The mass difference in $kg$:

$-0.04548 amu \times \frac{1.66054 \times {10}^{-27} kg}{1 amu}=-7.552135 \times {10}^{-29}kg$

Now the energy released during the reaction:

$E=(∆m)c^2$

$E= \left(- 7.5591 \times {10}^{-29} kg\right) \times {\left(2.998 \times {10}^8 m/s \right)}^2$

$\therefore E= -6.79 \times {10}^{-12} kg{\left(\frac{m}{s}\right)}^2= -6.79 \times {10}^{-12} J$

Thus, the energy released during the second given reaction is $6.79 \times {10}^{-12}J$.
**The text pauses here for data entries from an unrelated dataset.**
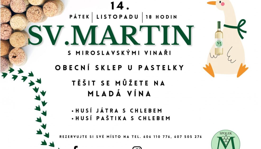 Spolek Miroslavských vinařů zve na sv. Martina do obecního sklepa U Pastelky (za mateřskou školkou) na ochutnávku mladých vín nového ročníku i dalších Svatomartinských dobrot k zakousnutí. Začátek v 18 hod.
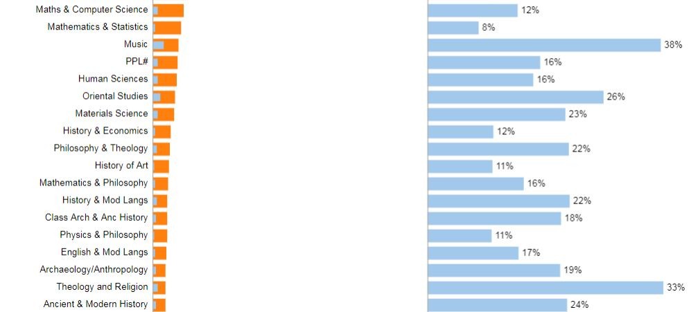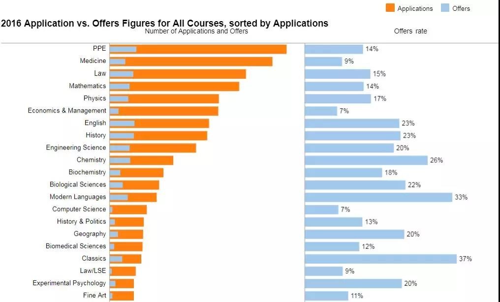 牛津也有录取率 30% 以上的专业,
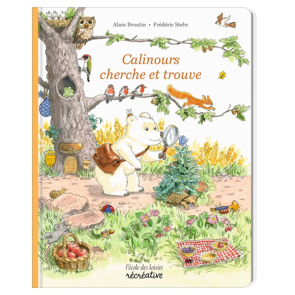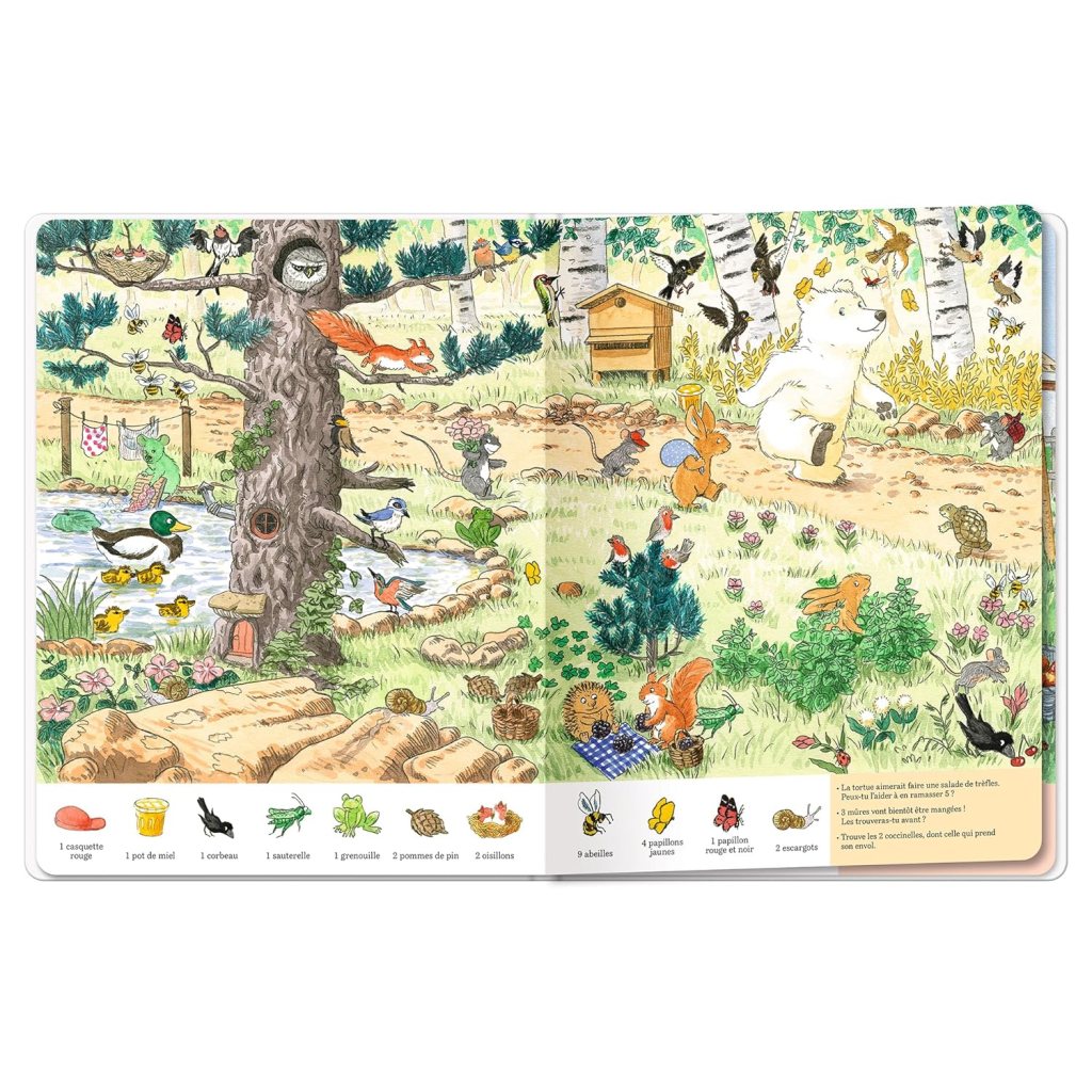 1/ Gros coup de coeur pour le Calinours cherche et trouve, chez l’école des loisirs. Déjà il est magnifique : les illustrations sont douces; c’est fin, c’est beau ! Ensuite ce que j’aime beaucoup c’est la référence aux classiques histoires de Calinours. Pour les adeptes de ce petit ourson, on retrouve par exemple une page cherche-trouve qui fait référence à Calinours va à l’école. Autre petit plus que j’apprécie : en plus du « cherche et trouve » classique où on associe l’image à trouver (en bas de la page) au dessin dans la double page, il y a, là en plus, des éléments à trouver en faisant travailler la compréhension par le biais de petites questions ou consignes (exemple : trouve les deux coccinelles dont celle qui prend son envol)
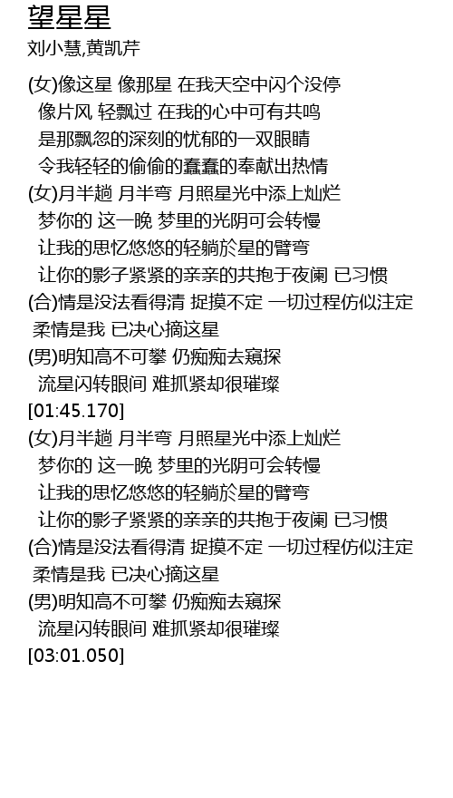 | [00:11.710] | (女)像这星 像那星 在我天空中闪个没停 |
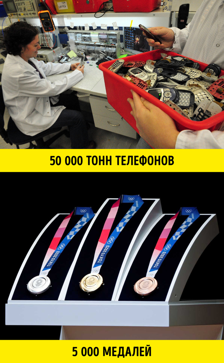 Навіть медалі були виготовлені з перероблених матеріалів. Як з'ясувалося, всі необхідні метали можна знайти всередині смартфона. Громадяни відгукнулися на заклик уряду і зібрали майже 50 тис. тонн старих гаджетів. Вийшло 32 кг золота, 3 500 кг срібла і 2 200 кг бронзи, чого вистачило на виготовлення 5 тис. олімпійських медалей.
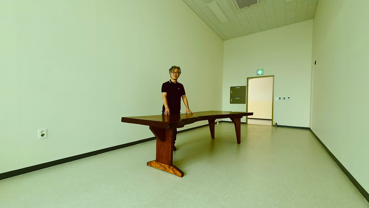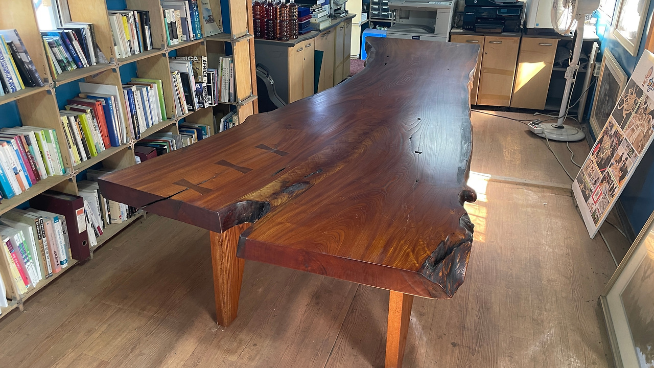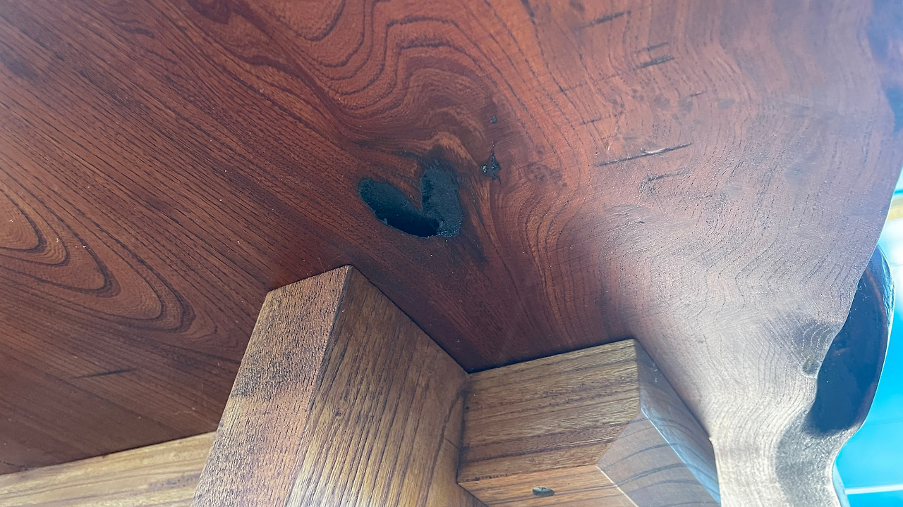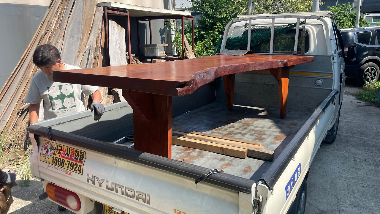 이 테이블의 다리 옆 상판 하부에는 은밀한 부분에 있는 타투처럼 자연의 솜씨로 새겨진 하트 문양이 있다. 이 하트는 처음 만들 때부터 이 목재가 나를 향한 사랑의 마음을 보여주는 것 같아 더 애착을 갖고 만들게 했었다. 옻칠을 처음 했던지라 주의부족으로 온몸에 옻독이 올라 말 그대로 한 달 동안 정말 개고생을 했었는데 그런 만큼 이 테이블에 대한 애착도 컸었다. 우드슬랩 테이블이야 다시 만들면 되지만 이런 특별한 나무와의 만남은 다시없을 것 같아 만감이 교차한다. 아마 작가들이 자신의 작품을 떠나보낼 때와 비슷한 느낌일 것 같다.
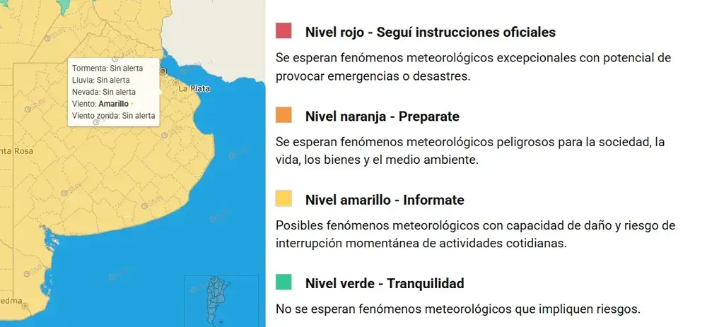 Frente a este panorama, el SMN emitió de manera preventiva una alerta de nivel amarillo. Así, se implica la posibilidad de fenómenos con capacidad de generar daños y riesgos de interrupción momentánea de actividades cotidianas.
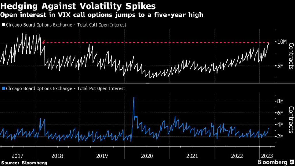 This week, protective call options on the VIX Index signaled traders bracing for a jump in volatility months from now.
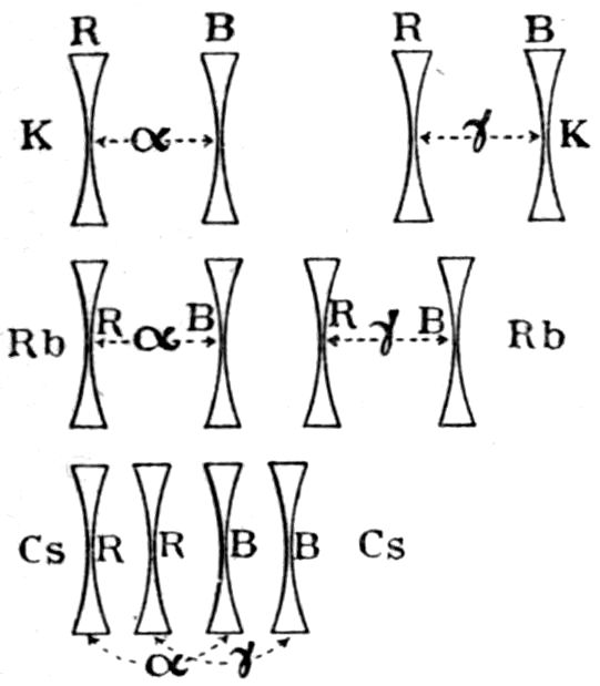Moreover, there is yet another view, that of Sollas,[30] that the packing of the molecules is a more open one altogether, a view to which he has been guided by consideration of the molecular volume. Sollas has offered some remarkable explanations of crystal structure, notably in the case of the dimorphous forms of silver iodide. The abnormal contraction which occurs on heating this interesting substance, and its sudden transformation at 146° from the ordinary hexagonal into a cubic modification as discovered by Lehmann, appear capable of very clear explanation on the basis of his theory. According to this theory of Sollas the volumes of the spheres of influence of the atoms of the different elements of the same family group, such as those of the group of alkali metals or those of the halogens, chlorine, bromine, and iodine, vary progressively in a manner which is dependent on the atomic volumes of the elements, which have a real comparative significance when the elements belong to the same family group.
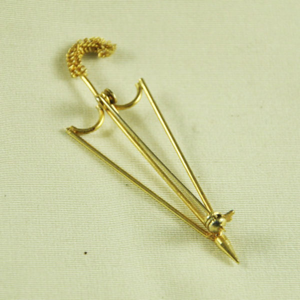 Amusante broche parapluie en laiton doré, en bon état. L.: 66 mm
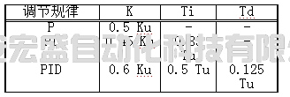 (4)系統(tǒng)出現(xiàn)持續(xù)等幅振蕩時,此時的增益為臨界增益(Ku),振蕩周期(波峰間的時間)為臨界周期(Tu)。
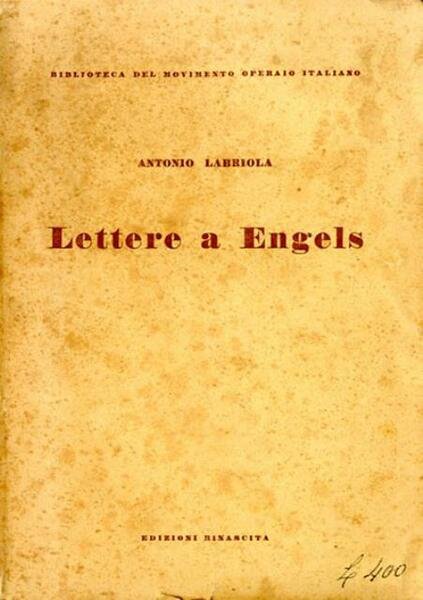 XIV, 237 p. ; 22 x 16 cm. Biblioteca del movimento operaio italiano, 1. Antonio Labriola è stato un filosofo e uomo politico, tra i massimi studiosi italiani del marxismo. Dopo aver iniziato lo studio sistematico dei testi di K. Marx e F. Engels, s'impegnò in un'opera di divulgazione che risultò in realtà una elaborazione originale: egli polemizzò contro le interpretazioni positivistiche e deterministiche e contro la riduzione del marxismo a una filosofia della storia («Del materialismo storico: dilucidazione preliminare», 1896). Il suo insegnamento ha lasciato una traccia profonda nella cultura italiana anche per l'influenza esercitata, con diversi esiti, su Croce e su Gramsci. Questa raccolta di lettere («Lettere ad Engels», pubblicate la prima volta tra il 1924 e il 1929) è una preziosa testimonianza dell'approccio del filosofo italiano allo studio sistematico delle opere di Marx e di Engels. Brossura editoriale, coperta in cartoncino flessibile colorato (grigio) con impresso il titolo in blu al piatto e al dorso. Qualche segno del tempo ai profili e alla coperta, pagine interne e taglio ingialliti per il resto esemplare integro. Codice libreria 8042.

c. The third given equation is

$O+C \to Si$

First, we calculate the difference in the mass of the particles:

$∆m= \left(m_{Silicon}\right)- \left(m_{Oxygen}+ m_{carbon}\right)$

$∆m= \left(27.97693 amu\right)- \left( 15.99491 amu+12.000 amu\right)$

$∆m= 27.97693 amu- \left(27.99491 amu\right)$

$\therefore ∆m= -0.01798 amu$

The mass difference in $kg$:

$-0.01798 amu \times \frac{1.66054 \times {10}^{-27} kg}{1 amu}=2.9856\times {10}^{-29}kg$

Now the energy released during the reaction:

$E=(∆m)c^2$

$E= \left(- 2.98 \times {10}^{-29} kg\right) \times {\left(2.998 \times {10}^8 m/s \right)}^2$

$\therefore E= -2.68 \times {10}^{-12} kg· m^2/s^2= -2.68 \times {10}^{-12} J$

Thus, the energy released during the third given reaction is $2.68 \times {10}^{-12} J$

d. The fourth equation given as:

$Mg+He \to Si$

First, we calculate the difference in the mass of the particles:

$∆m= \left(m_{Silicon}\right)- \left(m_{Magnesium}+ m_{Helium}\right)$

$∆m= \left(27.97693 amu\right)- \left(23.98504 amu+4.00260 amu\right)$

$∆m= 27.97693 amu- \left(27.98764 amu\right)$

$\therefore ∆m= -0.01071 amu$

The mass difference in $kg$:

$-0.01071 amu \times \frac{1.66054 \times {10}^{-27} kg}{1 amu}=1.7784 \times {10}^{-29} kg$

Now the energy released during the reaction:

$E=(∆m)c^2$

$E= \left(- 1.78 \times {10}^{-29} kg\right) \times {\left(2.998 \times {10}^8 m/s \right)}^2$

$\therefore E= -1.60 \times {10}^{-12} kg{\left(\frac{m}{s}\right)}^2= -1.60 \times {10}^{-12} J$

Conclusion:

The lost mass during the reaction results in energy release that can be calculated using Einstein’s equation.